Review: City of Heavenly Fire by Cassandra Clare

In the last installment of Cassandra Clare's bestselling series "The Mortal Instruments", Clary and her friends have to save the world (of course!). They still find the time to agonize over their love lives. go shopping for christmas presents... Even when they find themselves quite literally in hell, they still worry about their relationships, one of them even gets drunk. In real life, these guys wouldn't have lasted a day in that war.

The writing is not terrible, but it isn't exactly good, either. At one point, Clare compared stalactites to "electrified icicles". Ugh.

There's no shortage of corny moments, either. I don't want to spoil too much, but at one point a vampire dies because they were tricked into drinking holy water, and their skin peels back until only the bones are left and then those crumble to ash. That's freaking ridiculous, how on earth am I supposed to take that seriously?

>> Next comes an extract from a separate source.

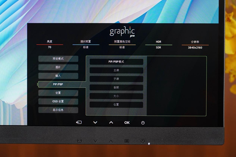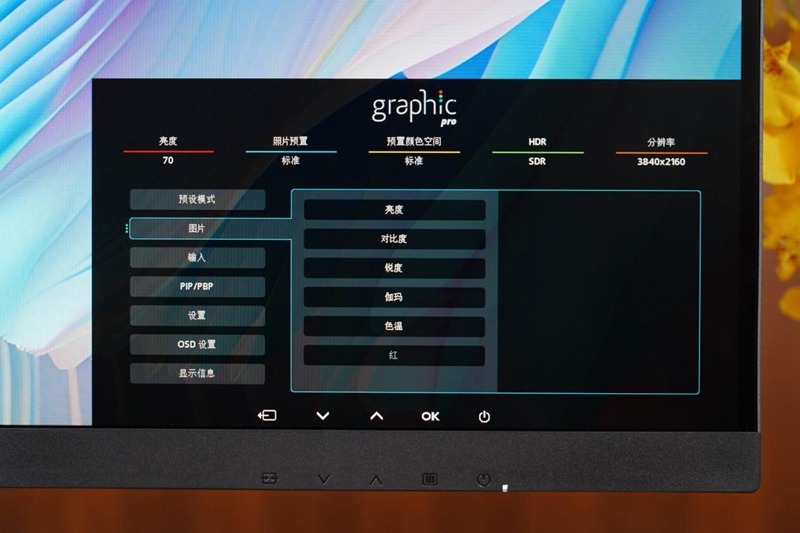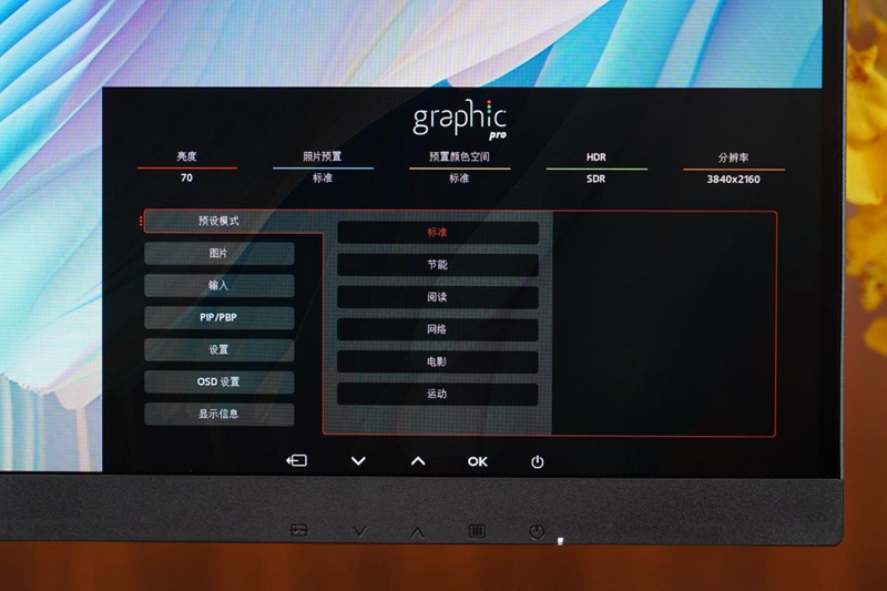 最新的graphic pro菜单专为重视高画质的用户设计,上方会常驻显示显示器当前的亮度、照片预置、预置颜色空间、HDR以及分辨率,用户可以通过菜单自如设置预设模式、显示器亮度、对比度、伽马值等参数,以获得最适合自己的画面显示。

Most of the kissing scenes were boring and read like something out of a fan-fiction.
There's a sex scene, about half-way through the book and I don't like it's handled. I can see why Clare tried to keep it vague, since it still is a YA novel, and you can't put a too explicit sex scene in there. This one's vague enough that it was hard to understand what was going on. I would have preferred it if Clare had made the scene fade to black, like she did in "Clockwork Princess". Also, who the hell packs up for Hell and brings condoms along?

Yet, in the words of immortal poets Icona Pop, "I don't care. I love it!"

For all the cheesy and trashy moments, for all the inconsistencies, for all the dumb things the main characters do, I still enjoyed this novel very much. It's a lot of fun, and it kept me hooked (any book that can keep me up until two o'clock twice in a row deserves an honorable mention).

The humor is great, as always, and I even caught myself laughing out loud several times.

I also don't mind all the relationship drama, despite the fact that it is unrealistic. The only couple I cared about in book five were Magnus and Alec, but this time around I found myself rooting for all of them - Jace and Clary, Izzy and Simon, Jocelyn and Luke…
I especially enjoyed the platonic relationships, which were well-developed in this novel. I was glad for the fact that Alec and Jace's friendship and their parabatai bond was expanded upon, since in the previous books almost no details were given about it.

Even tough they sometimes did some pretty dumb things, the characters were very likable. Even Alec, whom I have never liked all that much, became much more fun and interesting in this book, as he finally stood up for himself, instead of spending all his time scowling and wallowing in his insecurities. I am now glad that he and Magnus broke up in the last book, having to go through the pain of heart-break made Alec into a much stronger and interesting character. 
Clary, who in the previous books only had a couple of badass moments and had to be saved more often than not, had some time to train and became an actually skilled warrior. I had fun reading about her, something that didn't happen when I read the previous two books. She's not only powerful, strong and determined. Most of all. she's clever and scheming. I like that in a main character.  

Despite the fact that I know that this book has flaws, I enjoyed it very much, and I still recommend it, if you're in the mood for something fun and adventurous and you like YA and Urban Fantasy.